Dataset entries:
────
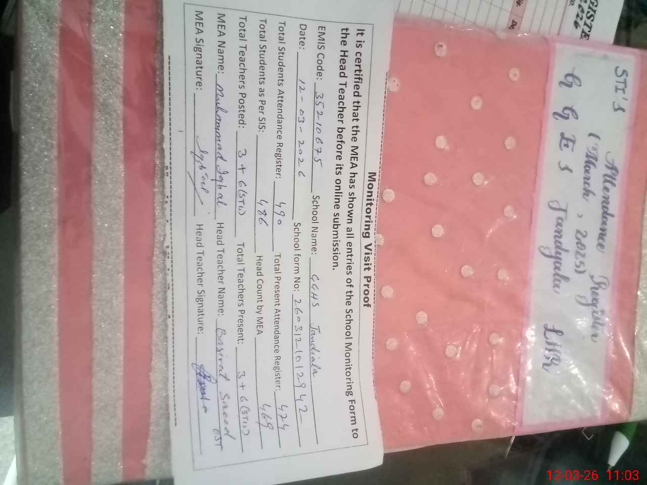 | Attendance Register | Head Teacher | MEA with School | Visit Proof |
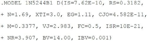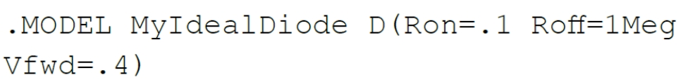 對於使用. MODEL 指令建立模型的元件,將這類模型匯入LTspice的流程相當簡單。 .MODEL 指令是一行代碼,包含模型名稱、元件類型和各項參數值。 有些模型可能相當簡單和理想化,例如:
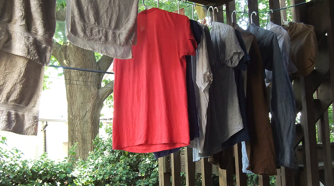 my job today was to collect the necessary food ingredients: trader joe's for some cheap wine to make sangria, market basket for some sausages, and haymarket to gather some inexpensive fruits and vegetables. but the first thing i did this morning was to do a load of laundry so they could have the entire day to hang dry outside. i only hang my shirts and pants; underwears and socks i dry indoors, drape across chair backs. i like the novelty of hang drying my clothes, i also like that it's totally free, like solar power. this is just the second time i've hung up my clothes, after successfully drying them the first time a few weeks ago. i can do this while the weather stays warm (and while i don't have a roommate); once we get into late fall and temperature drops close to freezing, i'll go back to my dryer.
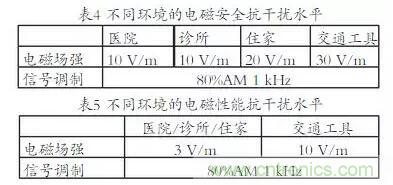 在過去關(guān)于醫(yī)療設(shè)備抗電磁干擾的標(biāo)準(zhǔn)中,往往僅考慮醫(yī)療設(shè)備在醫(yī)院內(nèi)的使用情況。但隨著科技的發(fā)展,許多設(shè)備逐漸變得輕巧、簡(jiǎn)便,方便患者在各個(gè)地點(diǎn)使用,特別是一些便攜式、植入式及可穿戴的醫(yī)療設(shè)備。例如植入式的心臟起搏器,要保證在各種場(chǎng)所能正常安全地工作,不會(huì)被其他電子發(fā)射信號(hào)或設(shè)備干擾。因此IEC60601-1-4《醫(yī)用電氣設(shè)備第1-4部分:基本安全和必要性能的通用要求:電磁干擾的測(cè)試和要求》,提出了電磁環(huán)境的分類以及如何根據(jù)環(huán)境來合理地確定抗干擾水平。在這版標(biāo)準(zhǔn)中,強(qiáng)調(diào)了不同的電磁環(huán)境,分別是醫(yī)院、診所、住家、交通工具。不同環(huán)境中的醫(yī)療設(shè)備所需的抗干擾水平,見表4~5。
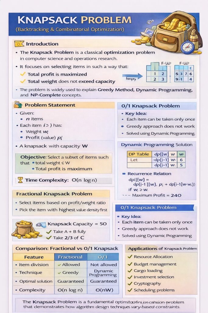 The problem is widely used to explain Greedy Method, Dynamic Programming, and NP-Complete concepts.
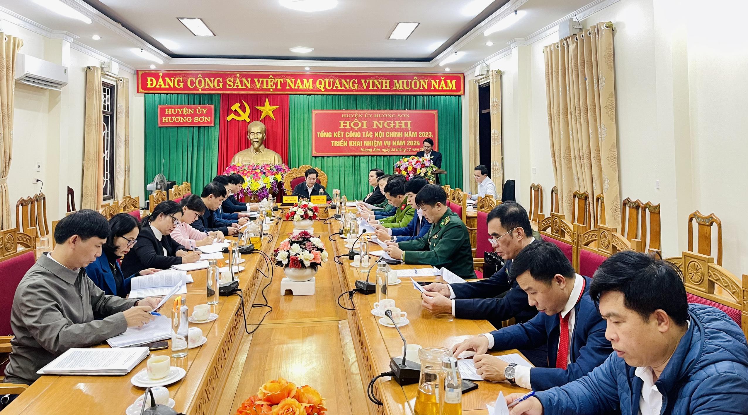 Năm 2023, Ban Thường vụ Huyện ủy Hương Sơn đã tăng cường lãnh đạo, chỉ đạo, triển khai công tác nội chính, phòng, chống tham nhũng, tiêu cực đạt được kết quả quan trọng, góp phần giữ vững ổn định chính trị, bảo đảm an ninh trật tự, tạo môi trường ổn định, thuận lợi phát triển kinh tế - xã hội.
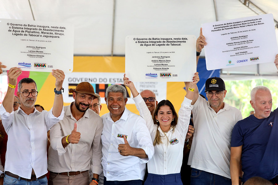 A agenda incluiu a entrega do Sistema Integrado de Abastecimento de Água, uma das maiores obras hídricas da região, que beneficia os municípios de Planaltino, Maracás, Lajedo do Tabocal, Itiruçu e Jaguaquara. O investimento ultrapassa R$ 180 milhões, garantindo mais segurança hídrica e melhor qualidade de vida para milhares de famílias. “Estamos falando de um investimento estruturante, que garante água de qualidade e dignidade para a população de toda essa região. Água é saúde, é desenvolvimento e é também prioridade do nosso governo”, afirmou Jerônimo.
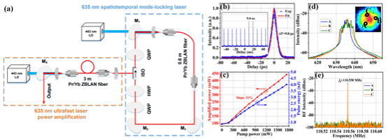 图(a)635 nm时空锁模光纤激光器与超快激光功率放大器装置图,(b)时空锁模时域特性,(c)输出功率与脉冲能量曲线,(d-e)时空锁模光谱及频谱特性
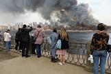 Пожар в здании Невской мануфактуры на Октябрьской набережной в Санкт-Петербурге.
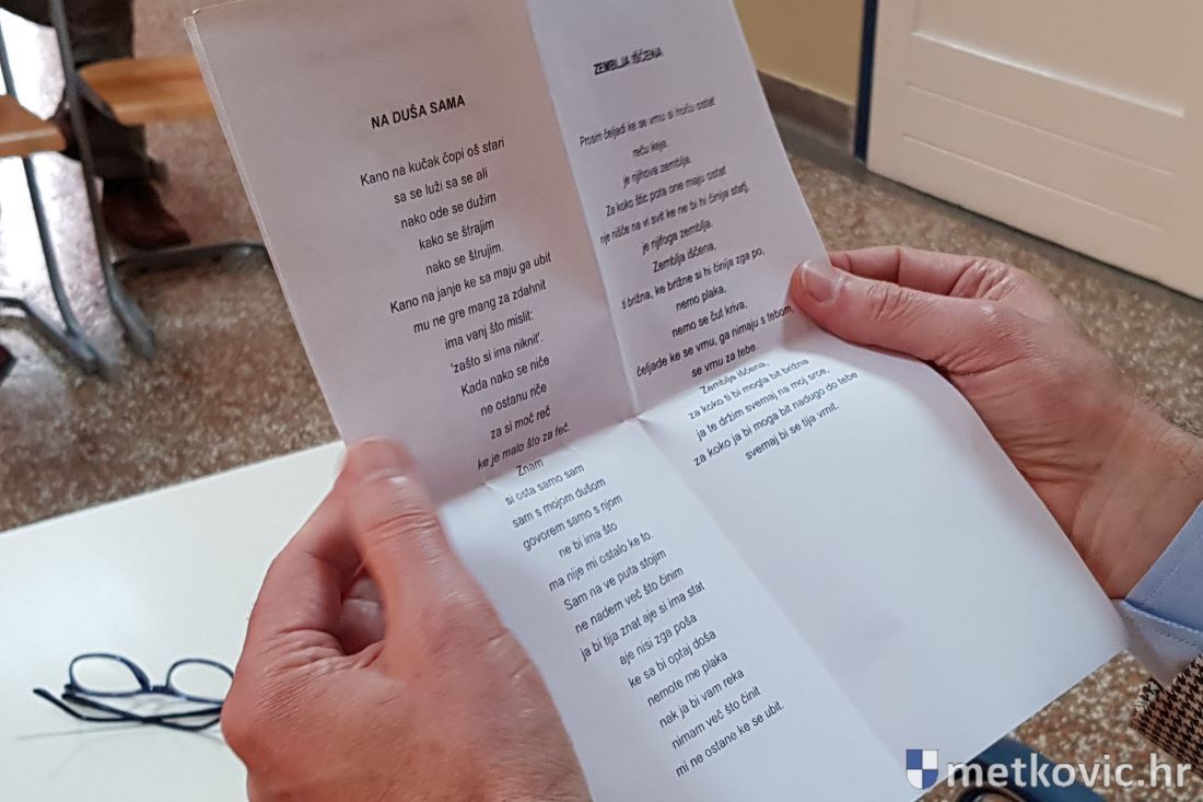 Književnik i pjesnik Mile Pešorda govorio je o sustavnom ignoriranju djelovanja humsko-hercegovačkih književnika i pjesnika. Za primjer je uzeo svoju knjigu Sloboda, mir meju nami – Eurogledi, za koju je rekao da ju je nemoguće naći u knjižarama ili knjižnicama. Spomenuo se još jednoga pjesnika s hercegovačkoga područja. To je pok. Nikola Martić, rođenjem Višićanin, koji je također bio vezan uz Metković. Pešorda je pročitao predgovor spomenutoj knjizi, koji je naslovio s Posveta… svima koji ljube Istinu i sviet…, posvećen istini o stvaranju Hrvatske i o Domovinskome ratu. Na istu tematiku nadovezala se Anita Martinac, hrvatska braniteljica i sudionica operacija Ljeto 95. i Oluja, što je oblikovalo njezino književno djelovanje. Ona je čitala pjesme iz svoje zbirke Budna.
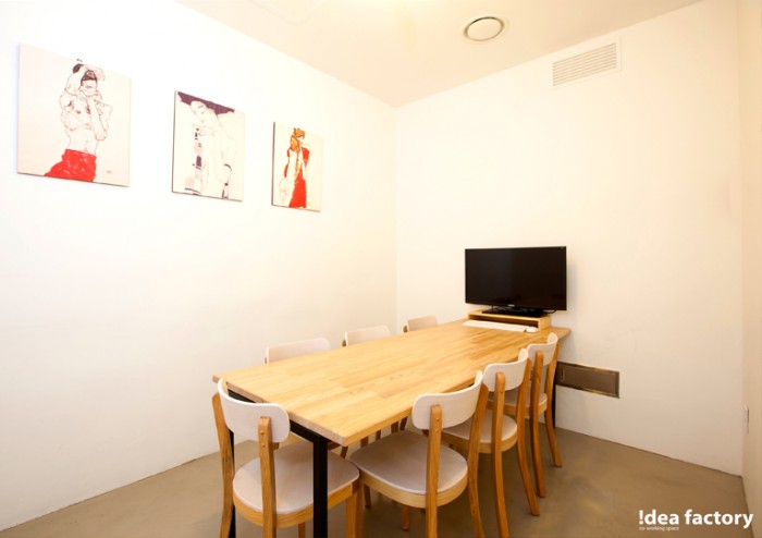미팅룸(5-8인) : 시간 당 20,000원(인원수 상관 없음) , 47"LCD 모니터, 화이트 보드 제공
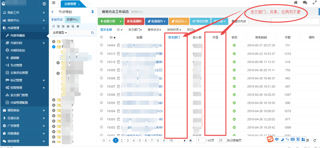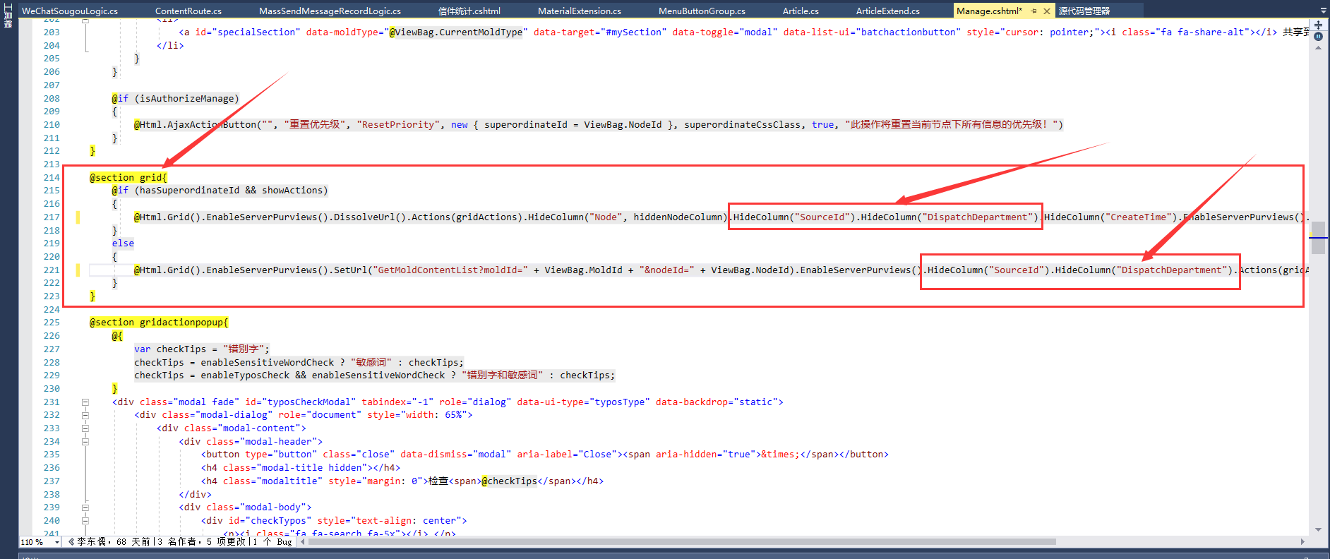 上图是该列表所在的页面,后台页面一般在Admin/Views/里,然后去对应的模块下面的结构去找。然后找到“@section grid{...}”添加“HideColumn("属性名")”就行。
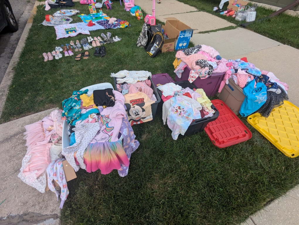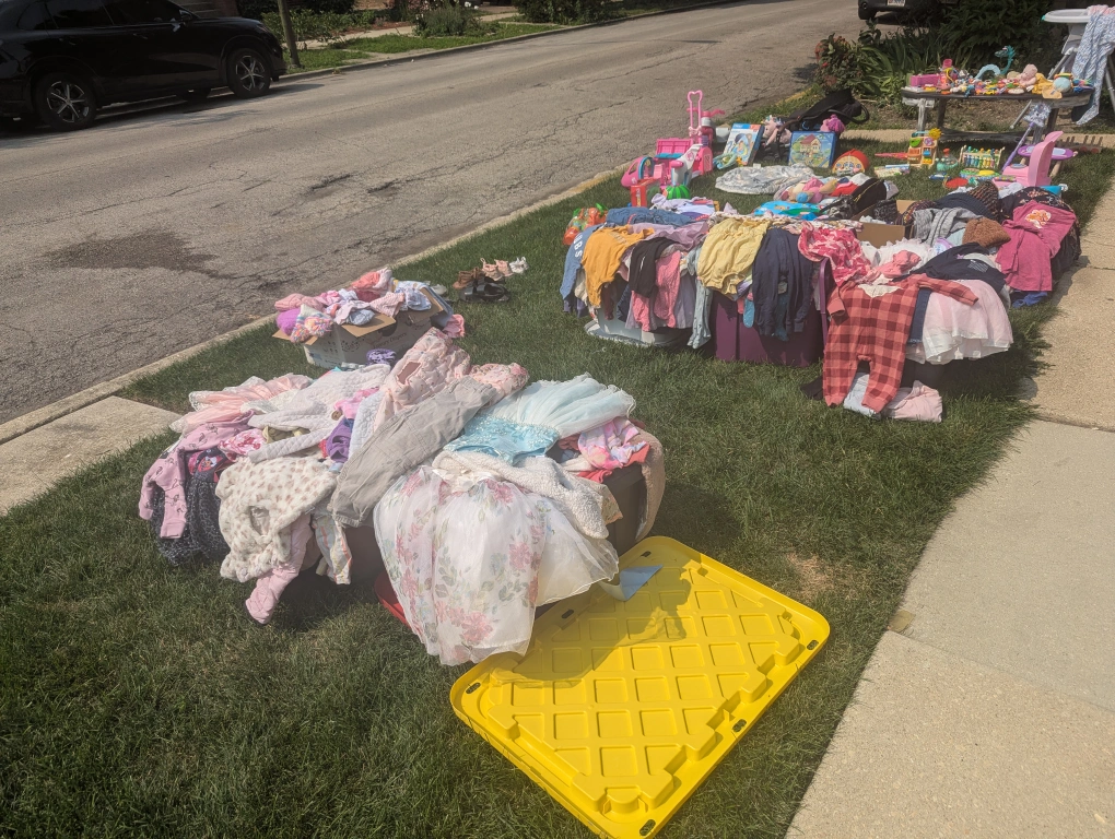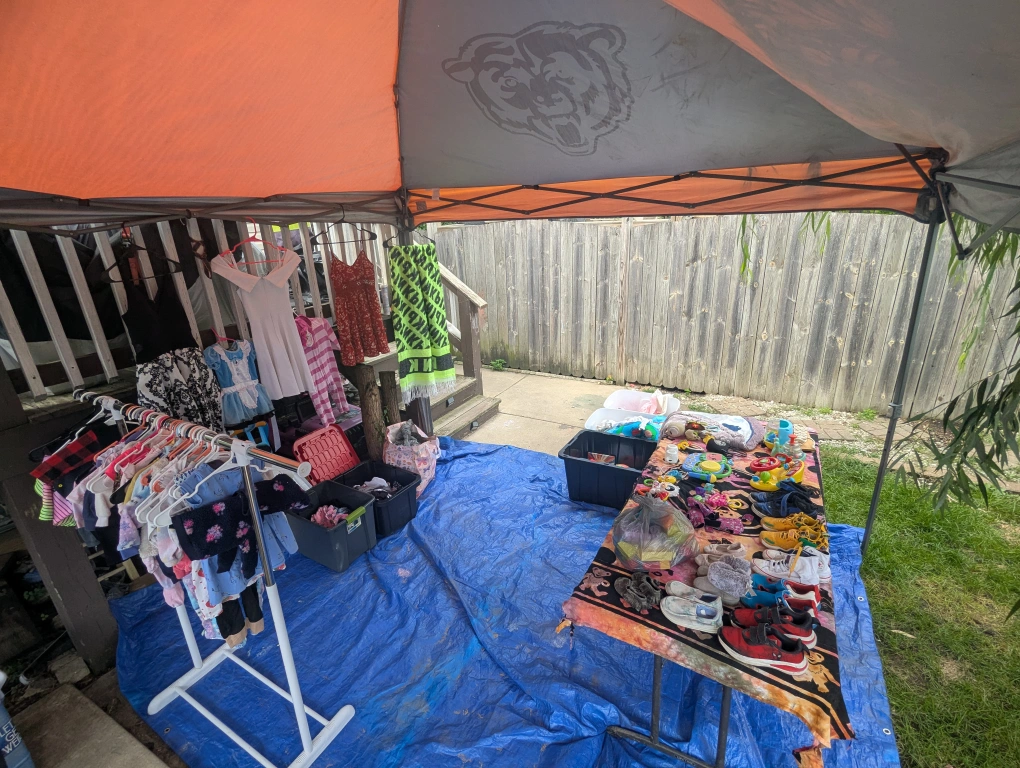 Women's and men's clothes *name brands* Women's small/medium/large clothes, dresses, pants, shirts and hoodies *name brands* Men's clothes small/medium/large hoodies, pants, shirts Shoes Baby/toddler toys and shoes Boys shoes 9/10/11 *name brands* Irving Park and Central Portage park 60641 Last pop up $5 fill a bag, I have unlimited bags (normal size grocery bags) Free boxes include toys, all size clothes men's and women's Ropa para mujer y hombre *marcas reconocidas* Ropa, vestidos, pantalones, camisas y sudaderas para mujer en tallas pequeñas, medianas y grandes *marcas reconocidas* Ropa para hombre en tallas pequeñas, medianas y grandes: sudaderas, pantalones y camisas Zapatos Juguetes y zapatos para bebés y niños pequeños Zapatos para niño (9/10/11) *marcas reconocidas* Irving Park y Central Portage Park 60641 Última parada Llenar una bolsa por $5. Tengo bolsas ilimitadas (bolsas de supermercado de tamaño normal). Las cajas gratuitas incluyen juguetes y ropa de todas las tallas para hombre y mujer.
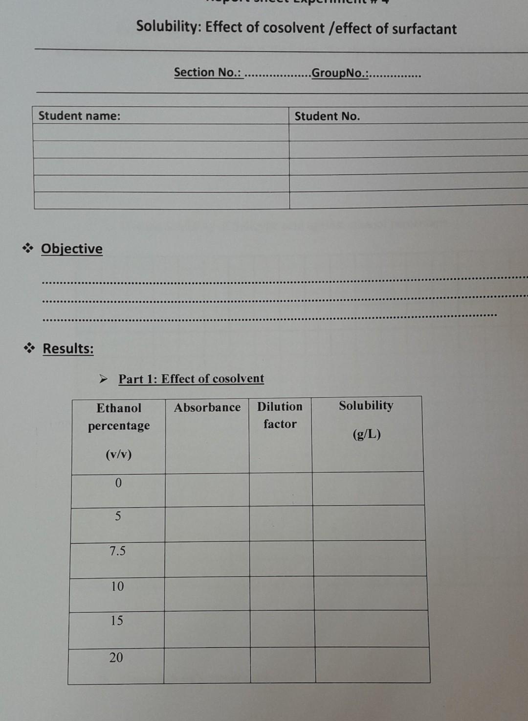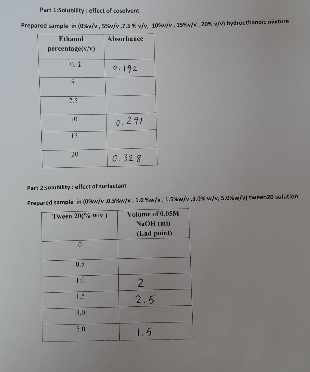 Part 1:Solubility : effect of cosolvent Prepared | Chegg.com
────
» **EXERCISE GOAL**: Retype all entries exactly as they appear, dropping the images.

» **SOLUTION**:
 | Attendance Register | Head Teacher | MEA with School | Visit Proof |
 對於使用. MODEL 指令建立模型的元件,將這類模型匯入LTspice的流程相當簡單。 .MODEL 指令是一行代碼,包含模型名稱、元件類型和各項參數值。 有些模型可能相當簡單和理想化,例如:
 my job today was to collect the necessary food ingredients: trader joe's for some cheap wine to make sangria, market basket for some sausages, and haymarket to gather some inexpensive fruits and vegetables. but the first thing i did this morning was to do a load of laundry so they could have the entire day to hang dry outside. i only hang my shirts and pants; underwears and socks i dry indoors, drape across chair backs. i like the novelty of hang drying my clothes, i also like that it's totally free, like solar power. this is just the second time i've hung up my clothes, after successfully drying them the first time a few weeks ago. i can do this while the weather stays warm (and while i don't have a roommate); once we get into late fall and temperature drops close to freezing, i'll go back to my dryer.
 在過去關(guān)于醫(yī)療設(shè)備抗電磁干擾的標(biāo)準(zhǔn)中,往往僅考慮醫(yī)療設(shè)備在醫(yī)院內(nèi)的使用情況。但隨著科技的發(fā)展,許多設(shè)備逐漸變得輕巧、簡(jiǎn)便,方便患者在各個(gè)地點(diǎn)使用,特別是一些便攜式、植入式及可穿戴的醫(yī)療設(shè)備。例如植入式的心臟起搏器,要保證在各種場(chǎng)所能正常安全地工作,不會(huì)被其他電子發(fā)射信號(hào)或設(shè)備干擾。因此IEC60601-1-4《醫(yī)用電氣設(shè)備第1-4部分:基本安全和必要性能的通用要求:電磁干擾的測(cè)試和要求》,提出了電磁環(huán)境的分類以及如何根據(jù)環(huán)境來合理地確定抗干擾水平。在這版標(biāo)準(zhǔn)中,強(qiáng)調(diào)了不同的電磁環(huán)境,分別是醫(yī)院、診所、住家、交通工具。不同環(huán)境中的醫(yī)療設(shè)備所需的抗干擾水平,見表4~5。
 The problem is widely used to explain Greedy Method, Dynamic Programming, and NP-Complete concepts.
 Năm 2023, Ban Thường vụ Huyện ủy Hương Sơn đã tăng cường lãnh đạo, chỉ đạo, triển khai công tác nội chính, phòng, chống tham nhũng, tiêu cực đạt được kết quả quan trọng, góp phần giữ vững ổn định chính trị, bảo đảm an ninh trật tự, tạo môi trường ổn định, thuận lợi phát triển kinh tế - xã hội.
 A agenda incluiu a entrega do Sistema Integrado de Abastecimento de Água, uma das maiores obras hídricas da região, que beneficia os municípios de Planaltino, Maracás, Lajedo do Tabocal, Itiruçu e Jaguaquara. O investimento ultrapassa R$ 180 milhões, garantindo mais segurança hídrica e melhor qualidade de vida para milhares de famílias. “Estamos falando de um investimento estruturante, que garante água de qualidade e dignidade para a população de toda essa região. Água é saúde, é desenvolvimento e é também prioridade do nosso governo”, afirmou Jerônimo.
 图(a)635 nm时空锁模光纤激光器与超快激光功率放大器装置图,(b)时空锁模时域特性,(c)输出功率与脉冲能量曲线,(d-e)时空锁模光谱及频谱特性
 Пожар в здании Невской мануфактуры на Октябрьской набережной в Санкт-Петербурге.
 Književnik i pjesnik Mile Pešorda govorio je o sustavnom ignoriranju djelovanja humsko-hercegovačkih književnika i pjesnika. Za primjer je uzeo svoju knjigu Sloboda, mir meju nami – Eurogledi, za koju je rekao da ju je nemoguće naći u knjižarama ili knjižnicama. Spomenuo se još jednoga pjesnika s hercegovačkoga područja. To je pok. Nikola Martić, rođenjem Višićanin, koji je također bio vezan uz Metković. Pešorda je pročitao predgovor spomenutoj knjizi, koji je naslovio s Posveta… svima koji ljube Istinu i sviet…, posvećen istini o stvaranju Hrvatske i o Domovinskome ratu. Na istu tematiku nadovezala se Anita Martinac, hrvatska braniteljica i sudionica operacija Ljeto 95. i Oluja, što je oblikovalo njezino književno djelovanje. Ona je čitala pjesme iz svoje zbirke Budna.
미팅룸(5-8인) : 시간 당 20,000원(인원수 상관 없음) , 47"LCD 모니터, 화이트 보드 제공
 上图是该列表所在的页面,后台页面一般在Admin/Views/里,然后去对应的模块下面的结构去找。然后找到“@section grid{...}”添加“HideColumn("属性名")”就行。
 Women's and men's clothes *name brands* Women's small/medium/large clothes, dresses, pants, shirts and hoodies *name brands* Men's clothes small/medium/large hoodies, pants, shirts Shoes Baby/toddler toys and shoes Boys shoes 9/10/11 *name brands* Irving Park and Central Portage park 60641 Last pop up $5 fill a bag, I have unlimited bags (normal size grocery bags) Free boxes include toys, all size clothes men's and women's Ropa para mujer y hombre *marcas reconocidas* Ropa, vestidos, pantalones, camisas y sudaderas para mujer en tallas pequeñas, medianas y grandes *marcas reconocidas* Ropa para hombre en tallas pequeñas, medianas y grandes: sudaderas, pantalones y camisas Zapatos Juguetes y zapatos para bebés y niños pequeños Zapatos para niño (9/10/11) *marcas reconocidas* Irving Park y Central Portage Park 60641 Última parada Llenar una bolsa por $5. Tengo bolsas ilimitadas (bolsas de supermercado de tamaño normal). Las cajas gratuitas incluyen juguetes y ropa de todas las tallas para hombre y mujer.
 Part 1:Solubility : effect of cosolvent Prepared | Chegg.com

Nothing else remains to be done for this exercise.